Boxing promoter Don King has successfully defended his right to bring defamation proceedings against Lennox Lewis’s US attorney, Judd Bernstein, in the English courts in relation to articles held on websites based in California.
The background to the litigation is a New York case in which Lewis and his promotions company are suing King and Mike Tyson for allegedly interfering with an agreement relating to a proposed Tyson v Lewis heavyweight rematch. Throughout those proceedings King and Bernstein have traded blows in the press. The English case relates to two pieces published on the popular boxing websites www.fightnews.com and www.boxingtalk.com. In these articles Bernstein accused King of making anti-Semitic remarks including describing him as a “shyster lawyer”.
The question before the Court of Appeal was whether England was the appropriate forum for the conduct of the proceedings. Bernstein argued that King was only bringing his claim in this jurisdiction because proceedings in the US were doomed to failure due to the US public figure defence.
However, sweeping aside that submission, the Court reaffirmed the case law in this area and set out these key points:
The starting point for ascertaining the natural forum is the place where the tort was committed. In defamation proceedings this is where publication of the defamatory material occurred.
The more tenuous the claimant’s connection with this jurisdiction (and the more substantial any publication abroad) the weaker his argument to have the case heard in England becomes.
The relative merits of a trial in England and a trial abroad are pre-eminently a matter for the trial judge. Only if the judge decides that an alternate forum is appropriate should he consider whether there is a juridical advantage for the claimant, such that a trial in England is required for justice to be done between the parties.
In internet libel, publication takes place in the jurisdiction in which the website content is downloaded and each downloading constitutes a separate tort.
The last point highlights the ramifications, in libel law, of internet publications.
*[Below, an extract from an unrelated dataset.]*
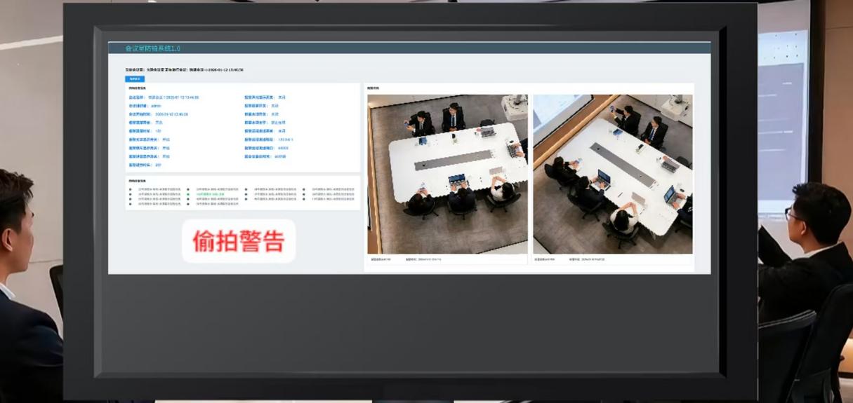 摒弃传统人工排查的滞后性,系统实现 2 秒极速处理响应,检测到违规拍摄行为的瞬间,无需人工干预,自动触发智能告警机制。告警信息以全屏高亮弹窗、醒目警示文字形式直接展示在会议屏幕,“请注意,有人拍照” 等提示清晰直观,在场人员可第一时间察觉窃照行为,为现场制止泄密争取黄金时间,同时对意图偷拍者形成强力心理震慑,有效遏制会议室防拍照、空间防拍照场景下的窃照行为实施,强化涉密空间防拍的现场警示效果。

In the case of Gutnick v Dow Jones the High Court of Australia rejected the argument that the internet was different from radio or television because the publisher could not decide how far the information was transmitted.
The Court of Appeal agreed and stated that, if anything, “in an Internet case the court’s discretion [as to the appropriate jurisdiction] will tend to be more open-textured than otherwise; for that is the means by which the court may give effect to the publisher’s choice of global medium.”
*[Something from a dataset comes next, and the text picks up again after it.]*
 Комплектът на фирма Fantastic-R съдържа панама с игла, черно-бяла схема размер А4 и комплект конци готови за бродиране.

Bernstein’s lawyers raised the interesting issue of the websites’ target audience and submitted that the courts should be more ready to stay proceedings where the defendant had not targeted the jurisdiction in which he had been sued. This was rejected by the Court when it ruled that, by choosing to use the world-wide-web, an internet publisher has effectively “targeted” every jurisdiction in which his text may be downloaded.
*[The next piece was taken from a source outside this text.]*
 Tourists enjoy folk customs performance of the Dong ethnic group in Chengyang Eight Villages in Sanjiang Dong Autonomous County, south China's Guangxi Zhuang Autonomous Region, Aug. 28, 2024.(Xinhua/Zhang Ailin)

This reasoning has been followed by the High Court very recently in Anna Richardson v Arnold Schwarzenegger and Others, where Eady J stated that there was no warrant for drawing a distinction between those who deliberately published or put matters on the internet as part of their business and those who did so incidentally, and without intending to target any particular jurisdiction. Thus internet publishers should be aware that they may be held accountable in multiple jurisdictions.
An interesting development regarding specifically the law (as opposed to the jurisdiction) under which such claims may be heard is the European Commission’s draft Proposal for a Regulation on the Law Applicable to Non-Contractual Obligations (“Rome II”) which is currently being considered by the European Parliament. The current draft states that the law applicable to an action will generally be the law of the country where the damage occurs, with a number of exceptions specific to privacy and defamation law. It is anticipated that the European Parliament will publish its draft report on the proposals early next year.
The Court of Appeal’s decision confirms that defamatory material published on a foreign website by a foreign national about a foreign national may be sued on in this jurisdiction providing that the website can be accessed here and that the subject of the defamation has a reputation here. It is a salutary reminder of the global responsibility which comes with this global medium.